A new report released by the federal government shows preteens and young teenagers favor using inhalants – and often move on to more harmful drugs, it is being reported by CBS News.

Drug users as young as 12- and 13-years-old are sniffing household chemicals to become high, according to the National Inhalant Prevention Coalition.

Then, they move on to drugs such as marijuana or painkillers, it was reported.

“Inhalants are everywhere in the house and garage, and parents often do not realize that glue and paint are not being used for crafts or science projects,” said Dr. H. Westley Clark, Substance Abuse and Mental Health Statistics director of the Center for Substance Abuse Treatment in a news release.

In the news release, Clark said the inhalants can damage the brain, liver, heart, or kidneys – and can even have fatal consequences.
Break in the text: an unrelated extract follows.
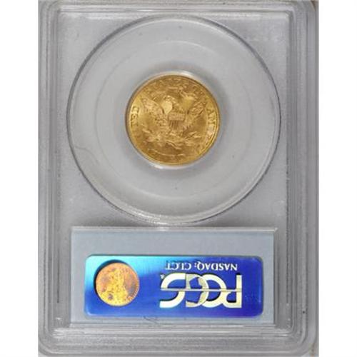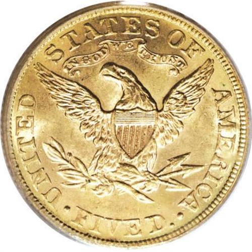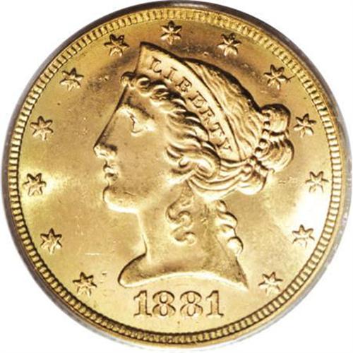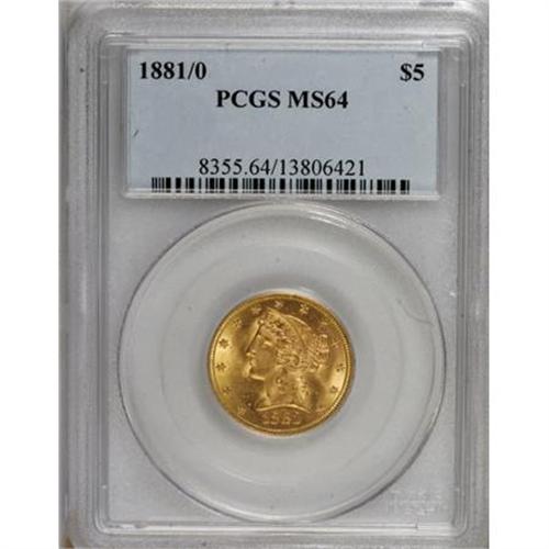 <B>1881/0 $5 MS64 PCGS.</B></I> FS-301, formerly FS-005. The remnants of a 0 are visible on both sides of the last 1 in the date. Bill Fivaz and J.T. Stanton, in their fourth edition of the <I>Cherrypickers' Guide</B></I>, say of the issue: "The 1881 date is clearly punched over an 1880 date. From the appearance of the repunching, each date was part of a four-digit logo punch." Bright luster issues from the peach-gold surfaces of this near-Gem example, and an impressive strike leaves sharp definition on the design elements. The grade is limited by some light contact marks and luster grazes. Population: 2 in 64, 0 finer (8/07).<BR><BR><B>Coin Engraver:</B> Christian Gobrecht<BR><BR><b>Shipping:</b> Coins & Currency (<a target="_blank" href="http://www.heritageauctions.com/common/shipping.php">view shipping information</a>)

The report is based on a national survey, which looked at individuals aged 12 and 17 between 2002 and 2006.

The data showed an annual average of 593,000 teenagers had used inhalants for the first time in the year before the survey.

Of those surveyed, 21 percent said they used an illicit drug in the past year.

The 12- and 13-year-olds said inhalants were the most “illicit” drug used in the past year, while marijuana was favored among older teenagers, it was reported.

Shoe polish, glue and toluene were the most popular inhalants, according to the survey.